I have a sequence 'Master Sequence' with a bunch of linked sequences in it. See Picture 1. I 'linked' these sequences by dragging and dropping the sequences into my 'Master Sequence.' I'm now trying to export an AAF file for audio editing, but when I do this, I only get 1 audio track. The individual tracks from the sequences are not exported. See picture 2. Is there a way to expand these 'linked' sequences so that when they appear in the master sequence, they appear with all their individual audio/video tracks, instead of the 1 audio/video track like I have now?

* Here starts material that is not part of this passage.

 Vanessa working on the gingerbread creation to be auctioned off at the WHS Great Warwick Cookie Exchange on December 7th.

Not sure the best way to go about this. I'm just trying to create an AAF file with all my individual tracks from each sequence without exporting an AAF for each sequence (as this wouldn't give my audio engineer the placement of each sequence relative to one another).
Copy link to clipboard
You can't use 'nested' audio in an AAF ... there's information on that in the marvelous new document, the Adobe Long-form and Episodic Best Practices Guide which has a great table of contents so you can find what you need quickly for this.
Which is on page 118, Audio Turnover Steps ... and it tells how to prep the sequence for making an AAF.

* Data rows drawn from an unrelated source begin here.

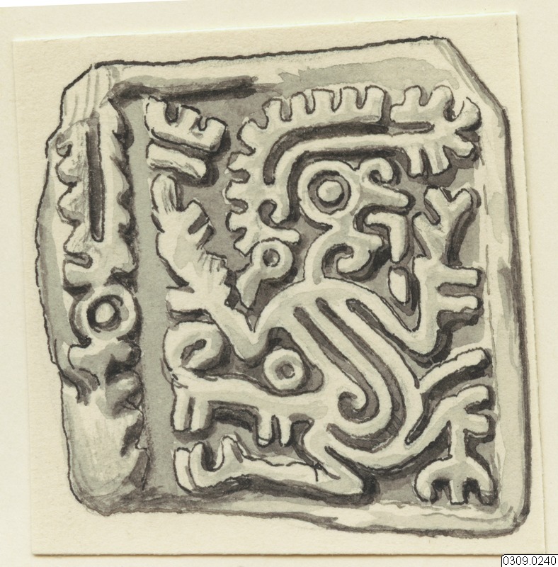 Teckning av mönsterstämpel. Linné, Archaeological Researches at Teotihuacan, Mexico, (1934). Fig. 224.
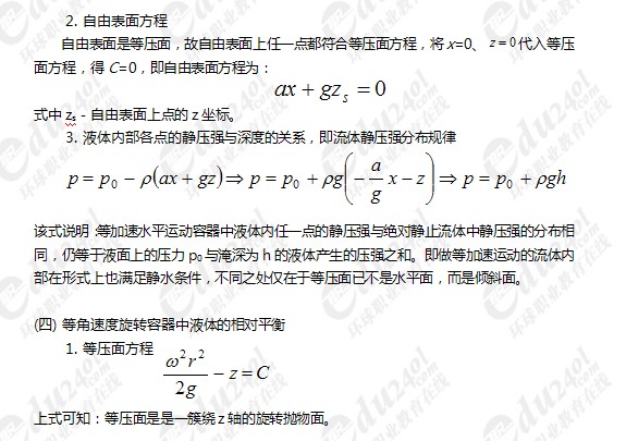 環保工程師:(流體力學)流體靜力學基本方程的應用(6)
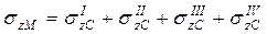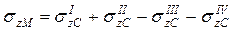 На рис. 4 в точка М расположена вне пределов площади загружения. Для данного случая точку М можно представить как угловую точку фиктивных площадей загружения I и II, при этом в пределах площадей III и IV фиктивная нагрузка прикладывается в обратном направлении. Напряжение σzМ определяется по выражению
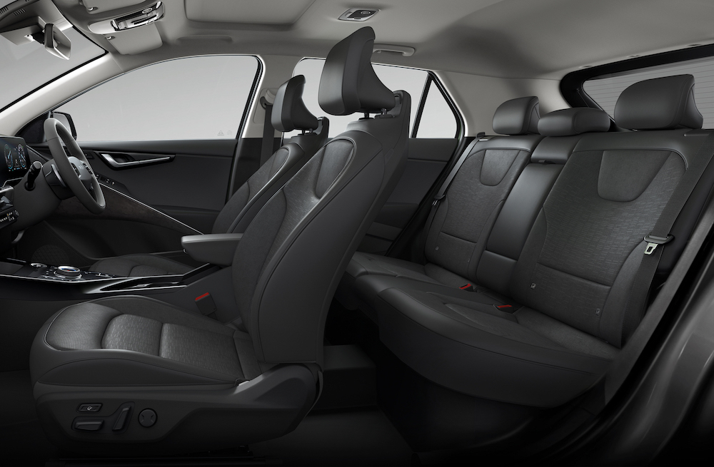 Crossover EV turut menawarkan 64 pilihan lampu ambien, pengecas telefon pintar wayarles, port USB-C di tepi kerusi depan dan upholsteri hitam.
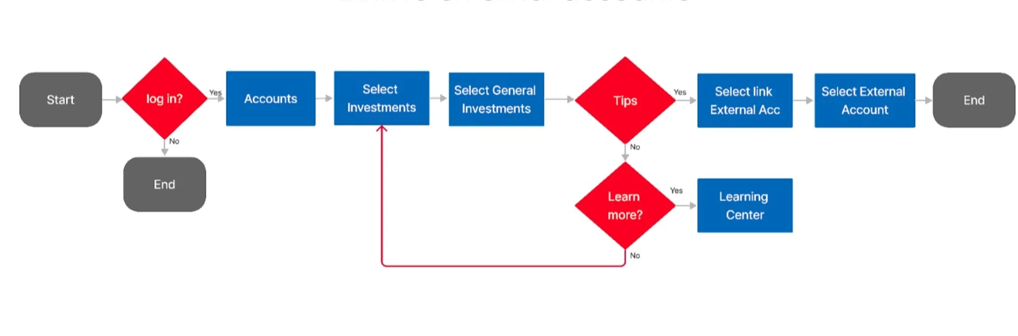 We decided to work on Three Flows: Flow One for Jack to be able to categorize his expenses. Flow Two for Jack to link his external investing accounts to the app and Flow Three for Jackie to help her to create a saving goal for her trip to Cancun.
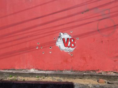 A entrada da comunidade V8 também foi alvo de disparos de fuzil, justamente onde fica o símbolo que a identifica o local, reforçando o cenário de guerra entre facções.
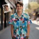 Custom Face Hawaiian Shirts Flamingo Leaves Blue Hawaiian Shirt
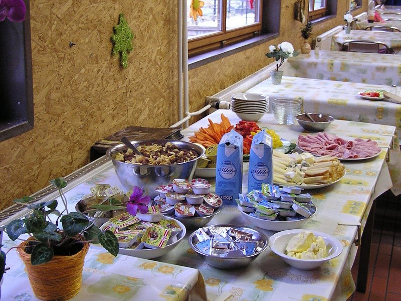 Časy jídel i skladba jídelníčku se přizpůsobují potřebám jednotlivých skupin. Součástí nabídky je vždy také varianta pro vegetariány.
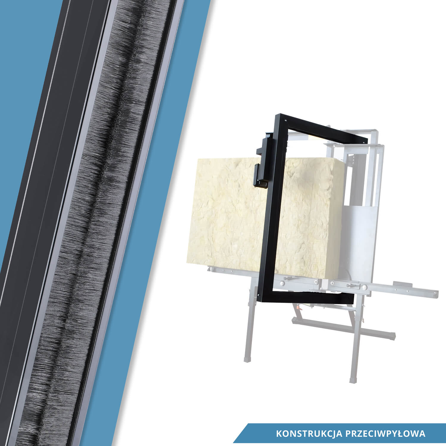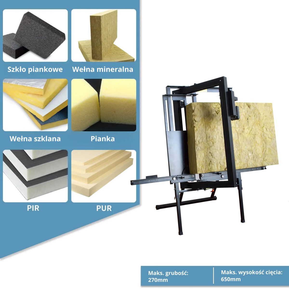 🧱 Wielozadaniowość materiałowa: Tnie wełnę mineralną/szklaną, płyty PIR/PUR, szkło spienione i styropian.
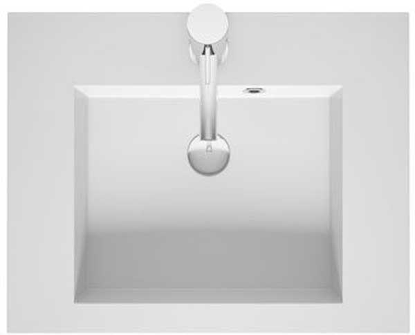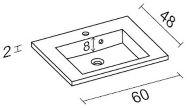 Умывальник на тумбу, ширина 600 мм, длина 480 мм, форма: прямоугольная, отверстие под смеситель, отверстие под перелив.
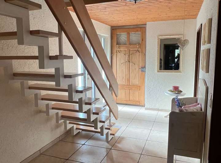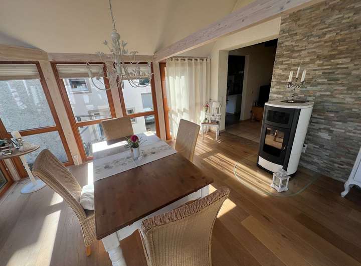 Durch die offene Bauweise fällt sehr viel Licht in die einzelnen Räume und man fühlt sich sehr wohl. Die zwei Kaminöfen im Wohn- und Essbereich sorgen für eine gemütliche Atmosphäre.
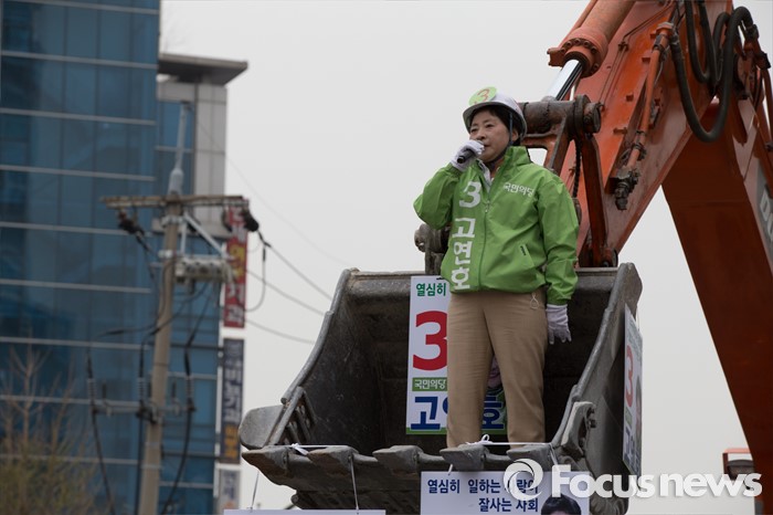 (서울=포커스뉴스) 6일 오후 서울 은평구 연신내 물빛공원에서 고연호 국민의당 은평구을 후보가 포클레인 위에서 유세를 하고 있다.
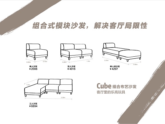 INK+IVY新品 Cube 布艺沙发采用的就是“模块化设计”,将沙发拆分成好几个“零部件”:可移动靠包+贵妃椅+单人沙发。对那些喜欢常常改变自己家居格局的人来说,INKIVY这种灵活组合的沙发能够满足多种不同的生活需求。
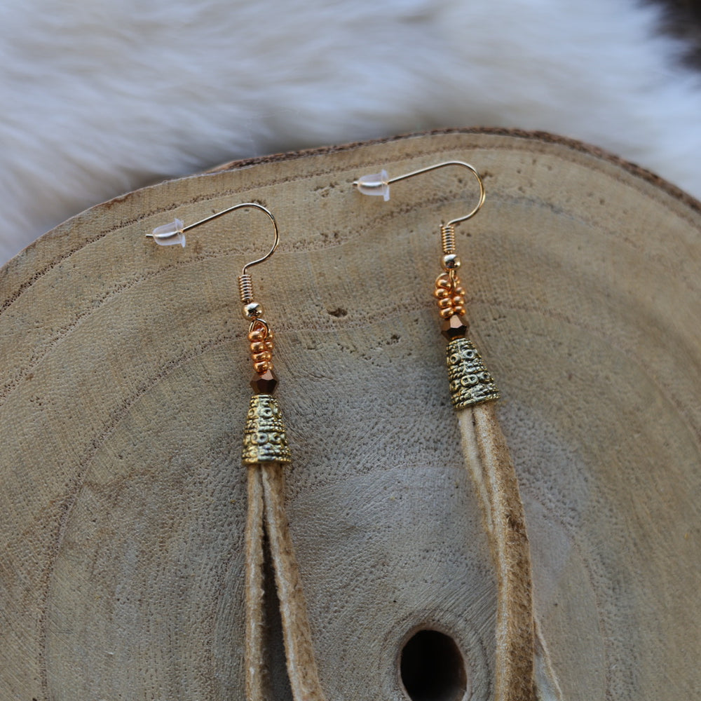 Boreal Forest Beads Floral Moose Hide Tassel Earrings
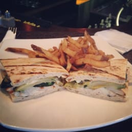 Delicious yummy turkey burgers! We went here after a show one night and we were the last table in the restaurant/bar. We ordered the turkey burgers and were so incredibly pleased. The waiter was friendly and efficient. I would happily go back here for the turkey burgers. I love the location, near our hotel and broadway shows. I wish I didn't have to listen to the blaring music from the kitchen as well as the music in the main bar area. I would go back!
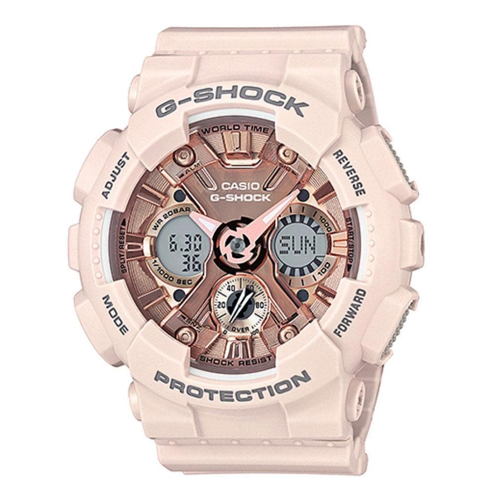 A model based on a mid-size version of the popular digital-analog combination GA-120 model. The metallic face is finished in pink gold and the bezel and band are finished in pink to create a casual, feminine model. A trendy smaller G-SHOCK perfect for youth culture.

Hey Neil, thanks for the reply. My main question is not how to export the AAF but how to handle the nested sequence. I don't have an option to un-nest the sequence. So how can I unnest the sequence?
Sorry for the misunderstanding. There is no unnest option I'm aware of. You have to use copy/paste to get the tracks back into the main sequence as separate tracks once more. I hope that helps.

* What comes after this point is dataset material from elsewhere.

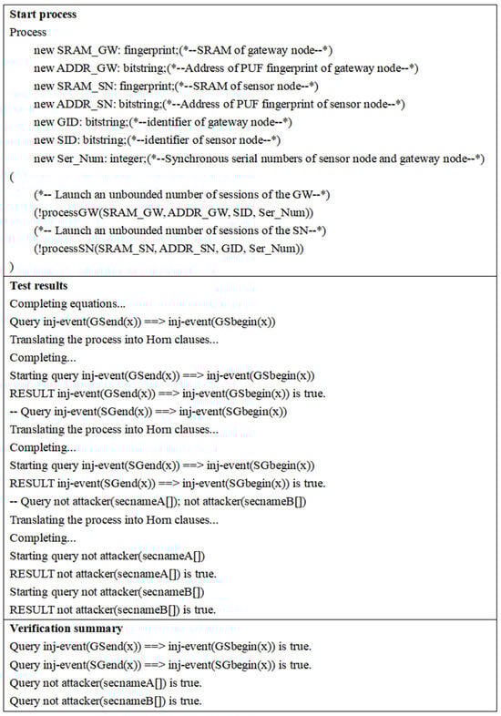 - We have demonstrated through formal verification that the scheme can achieve mutual authentication and ensure the security of the session key. The security of the protocol was verified from BAN logic and non-formal analysis. This solution has good forward confidentiality and user anonymity and can effectively defend against replay attacks, node capture attacks, node spoofing attacks, online key guessing attacks, desynchronization attacks, physical attacks, and modeling attacks.
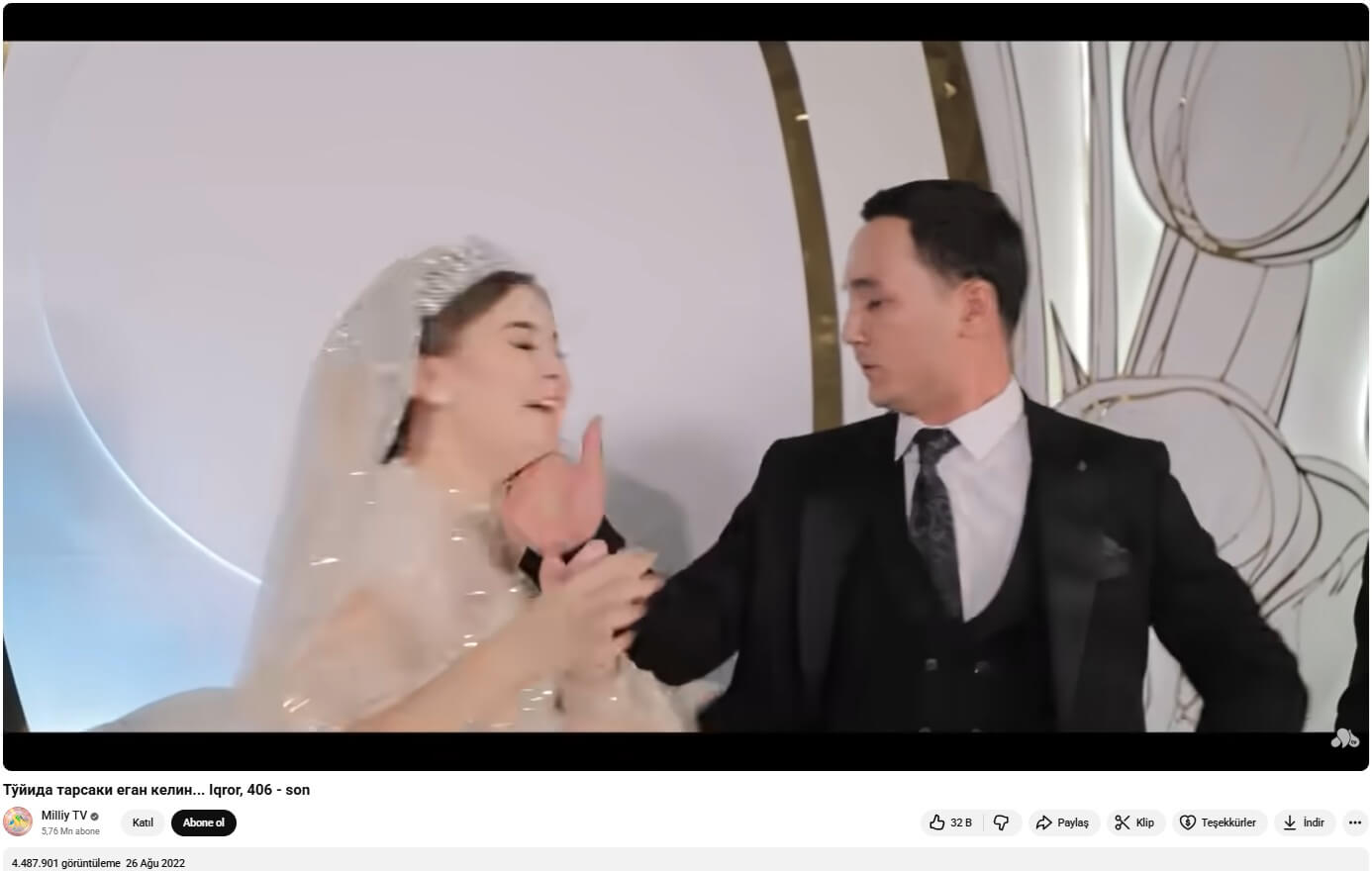Düğün sırasında damadın geline tokat attığı, gelinin annesinin araya girerek kızını salondan çıkardığı ana ait olduğu iddiasıyla paylaşılan video, Özbekistan’da yayınlanan “İqror” adlı diziden bir SAHNE

First thing, is duplicate and rename the nested sequence. Then 'fix' the dupe.
When on the timeline, if you tap F, you get the "source" clip open in the Source monitor. That's the process used to get to the start point for all the clips in the nest. If you can easily see where the next clip occurs, if you mark an 'out' on the timeline at the change, and at the beginning of it hit F, you can do a 3-point replacement where the app selects the right length of the clip, replacing what's on the current timeline.
It's a bit of a pain to 'un-nest', which really is just recreating the sequence from the original frames.
Thanks, Neil. That is kind of a cool workflow. I wonder which is faster or better? Let us know, jace. 🙂
It's a suggestion by Jarle, of course ... as because there are times we do need to 'de-nest', and it's a right pain. This just makes it a little bit faster. And it may just get you used to doing 3-point replacements, which is a good thing for speeding up the workflow, right?
Woah thanks guys, that's a huge help. I appreciate it!